**Exercise goal:**
Please repeat, exactly and without pictures, the lines of the entries below that run from the one containing "活动联合东门街道南粤家政基层" through the one containing "I got right".
Records for the exercise START
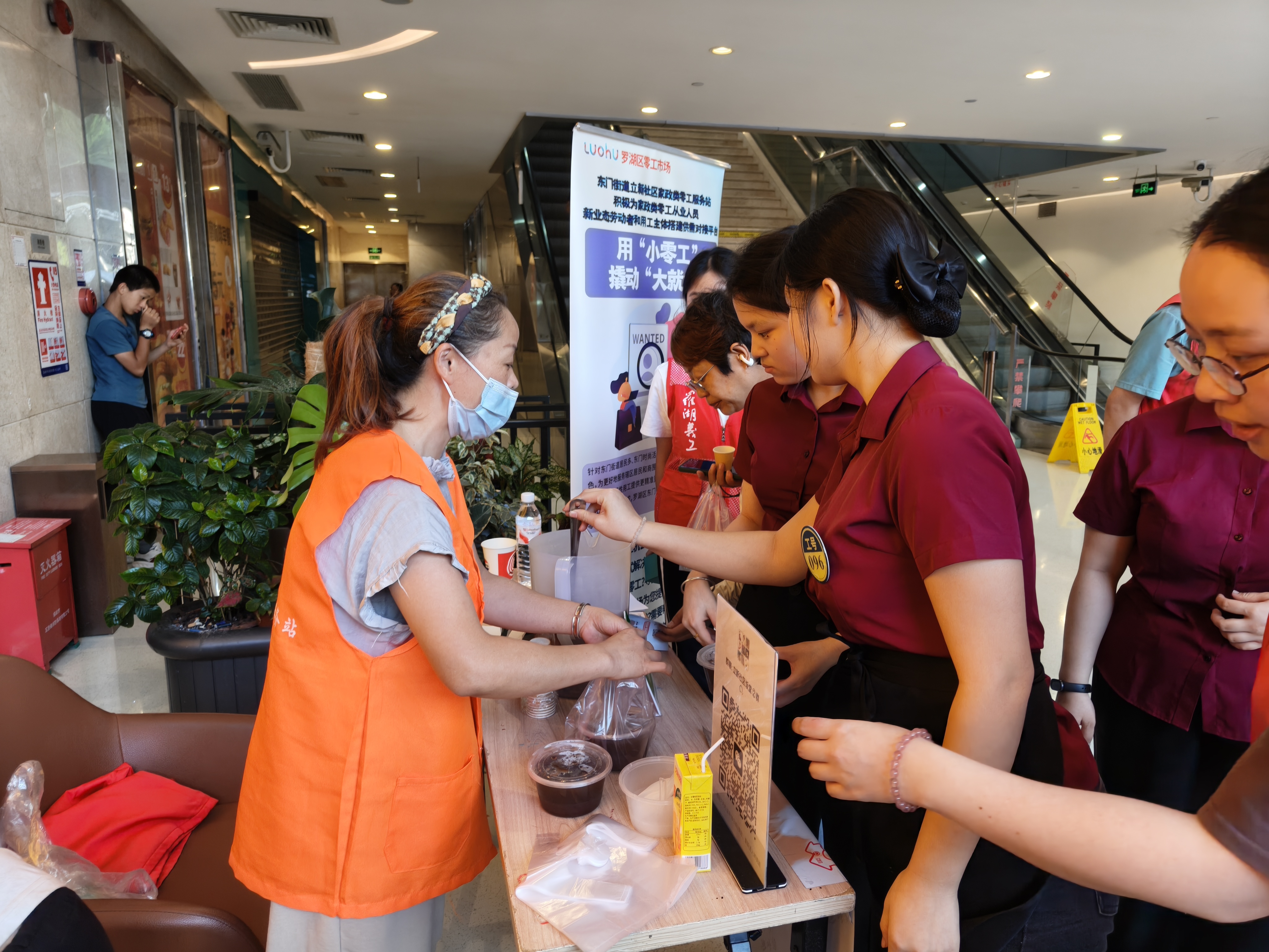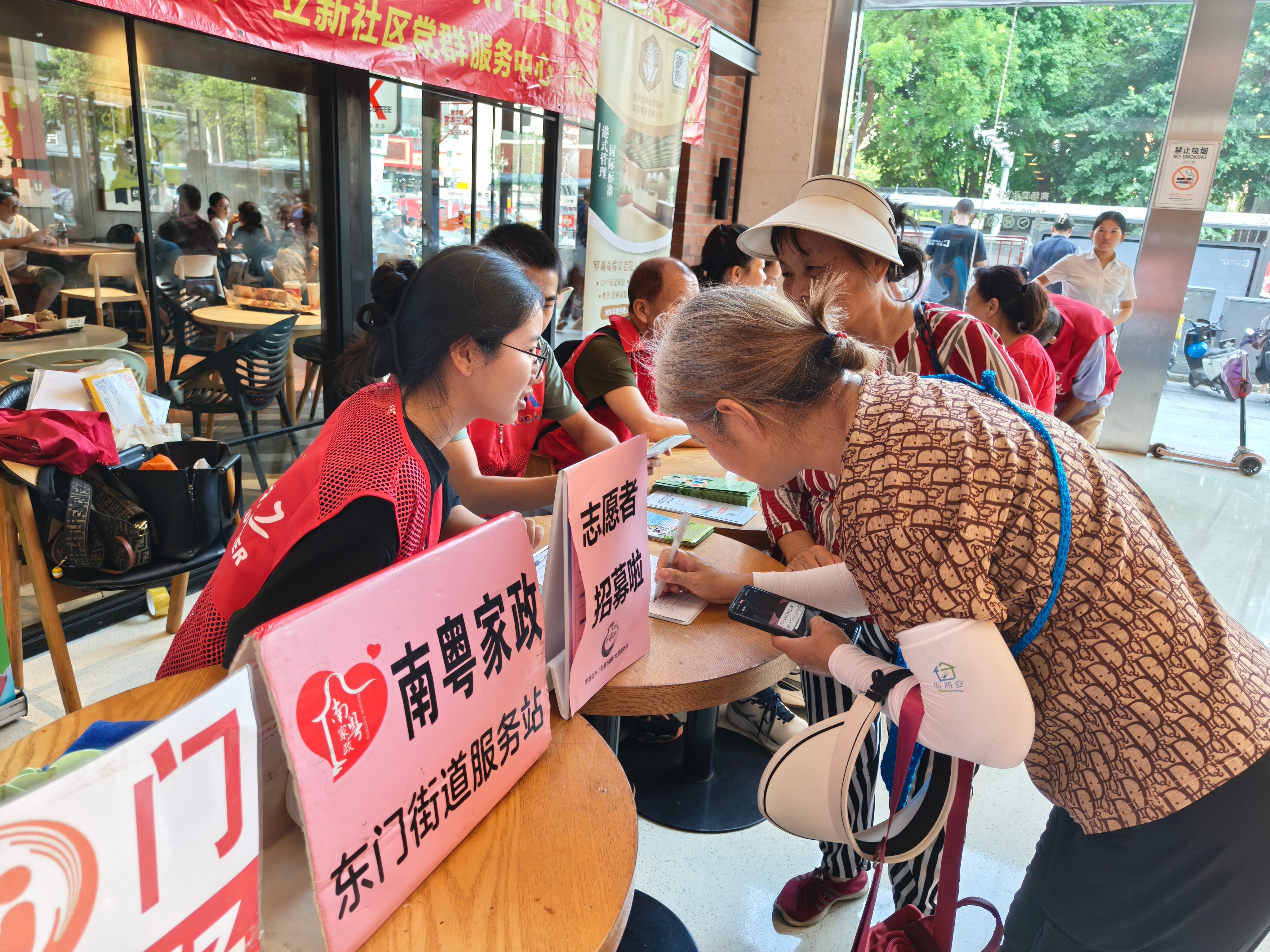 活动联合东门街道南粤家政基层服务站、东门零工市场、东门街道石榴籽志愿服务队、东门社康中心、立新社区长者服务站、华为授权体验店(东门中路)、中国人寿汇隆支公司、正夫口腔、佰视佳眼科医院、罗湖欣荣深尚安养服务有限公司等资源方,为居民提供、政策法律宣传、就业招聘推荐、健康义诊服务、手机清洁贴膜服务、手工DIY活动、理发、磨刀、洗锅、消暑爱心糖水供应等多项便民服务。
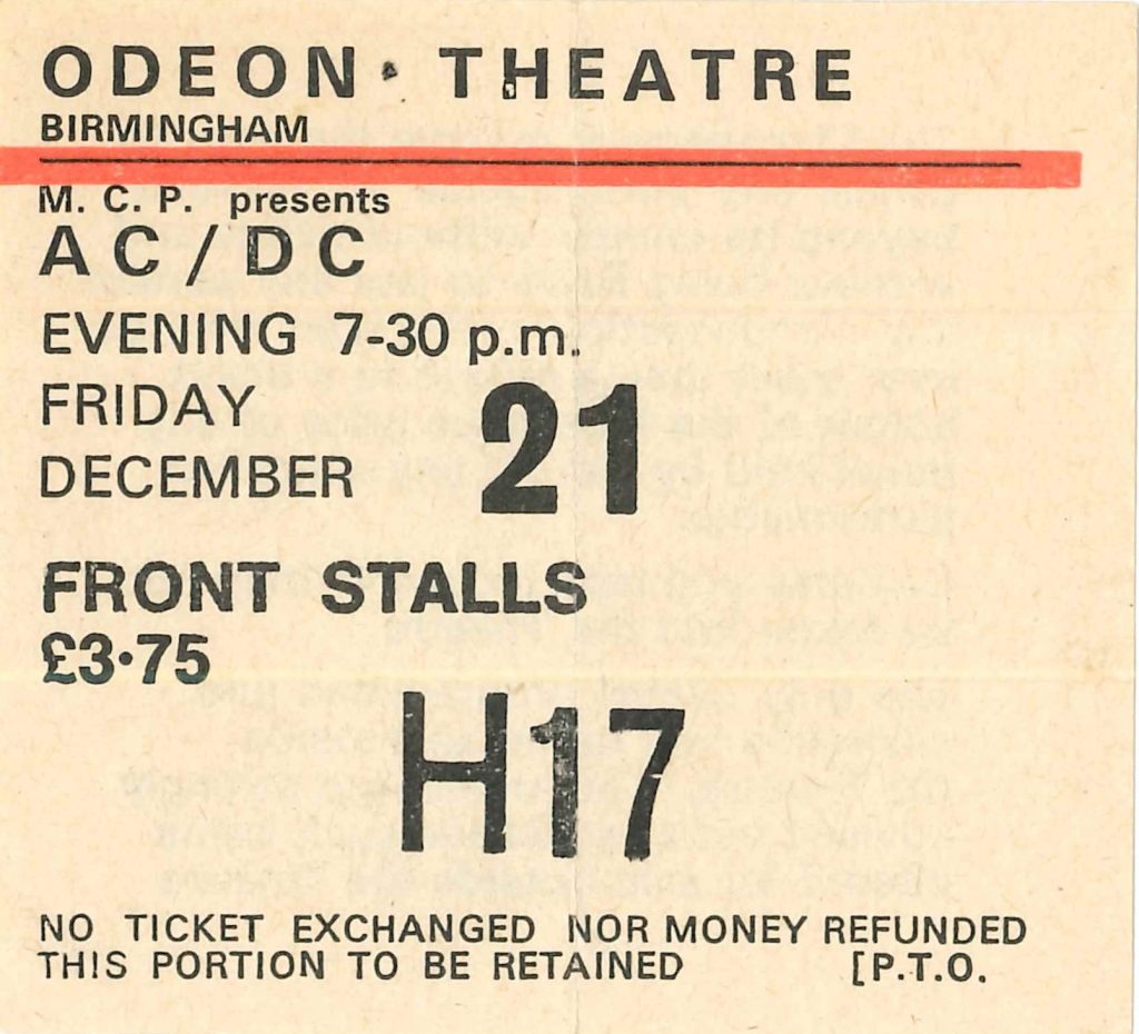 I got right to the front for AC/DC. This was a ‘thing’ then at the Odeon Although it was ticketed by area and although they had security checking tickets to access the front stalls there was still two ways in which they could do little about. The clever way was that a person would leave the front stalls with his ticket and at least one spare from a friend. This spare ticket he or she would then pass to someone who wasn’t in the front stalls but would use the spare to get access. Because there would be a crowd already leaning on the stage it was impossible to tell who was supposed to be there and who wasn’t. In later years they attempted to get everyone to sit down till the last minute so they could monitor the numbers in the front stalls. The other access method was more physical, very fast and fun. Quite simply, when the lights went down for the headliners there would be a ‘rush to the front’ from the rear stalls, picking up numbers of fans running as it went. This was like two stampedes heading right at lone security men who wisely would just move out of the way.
Records for the exercise END
Records for the exercise START
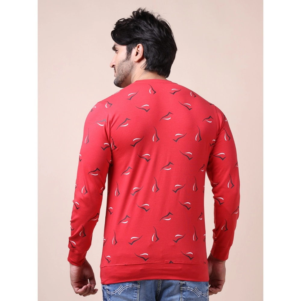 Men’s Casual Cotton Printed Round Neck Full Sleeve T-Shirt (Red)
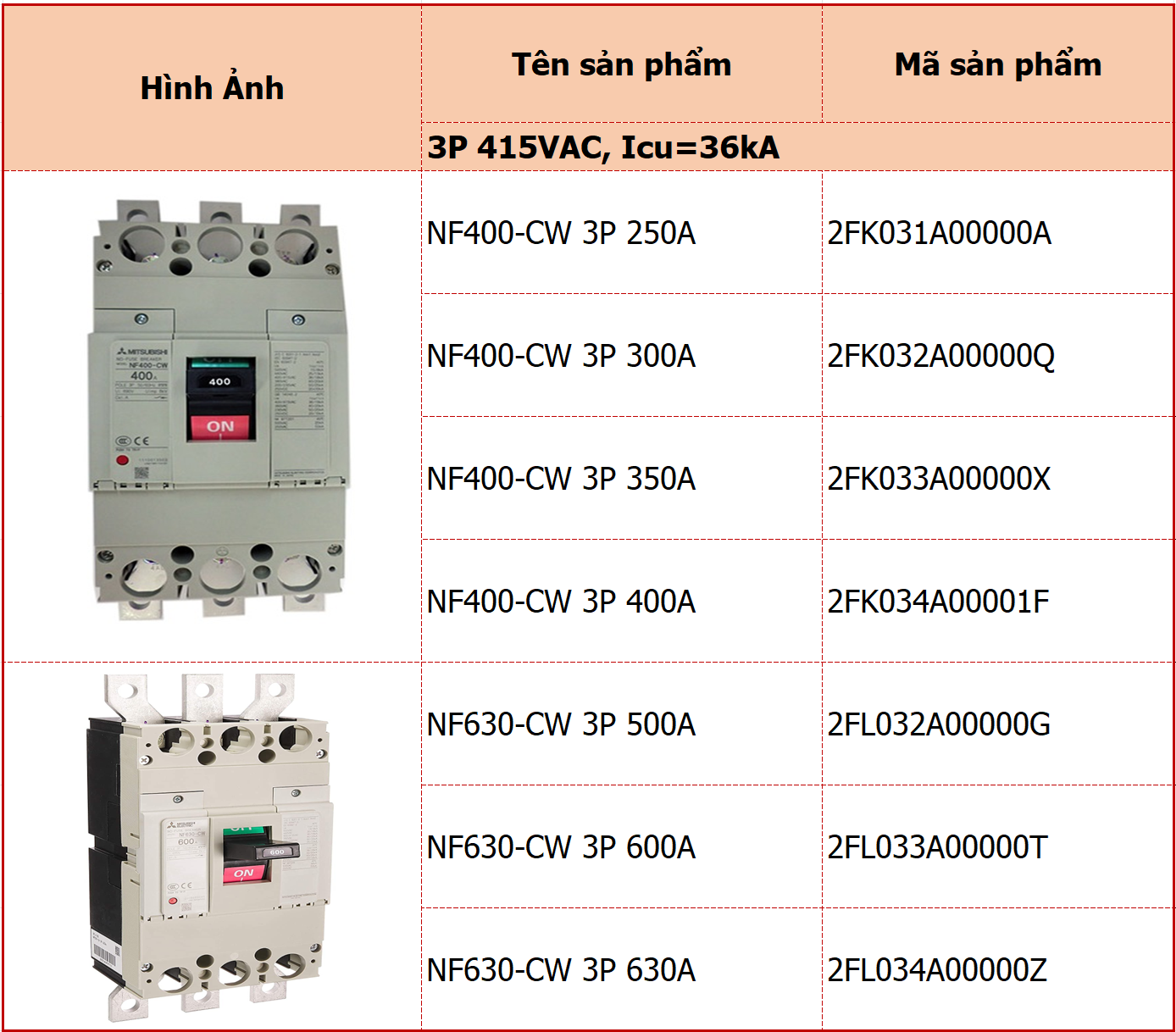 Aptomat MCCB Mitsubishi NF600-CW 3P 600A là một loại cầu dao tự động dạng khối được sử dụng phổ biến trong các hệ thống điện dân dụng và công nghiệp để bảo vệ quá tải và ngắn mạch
Records for the exercise END
**Answer for this exercise:**
 活动联合东门街道南粤家政基层服务站、东门零工市场、东门街道石榴籽志愿服务队、东门社康中心、立新社区长者服务站、华为授权体验店(东门中路)、中国人寿汇隆支公司、正夫口腔、佰视佳眼科医院、罗湖欣荣深尚安养服务有限公司等资源方,为居民提供、政策法律宣传、就业招聘推荐、健康义诊服务、手机清洁贴膜服务、手工DIY活动、理发、磨刀、洗锅、消暑爱心糖水供应等多项便民服务。
 I got right to the front for AC/DC. This was a ‘thing’ then at the Odeon Although it was ticketed by area and although they had security checking tickets to access the front stalls there was still two ways in which they could do little about. The clever way was that a person would leave the front stalls with his ticket and at least one spare from a friend. This spare ticket he or she would then pass to someone who wasn’t in the front stalls but would use the spare to get access. Because there would be a crowd already leaning on the stage it was impossible to tell who was supposed to be there and who wasn’t. In later years they attempted to get everyone to sit down till the last minute so they could monitor the numbers in the front stalls. The other access method was more physical, very fast and fun. Quite simply, when the lights went down for the headliners there would be a ‘rush to the front’ from the rear stalls, picking up numbers of fans running as it went. This was like two stampedes heading right at lone security men who wisely would just move out of the way.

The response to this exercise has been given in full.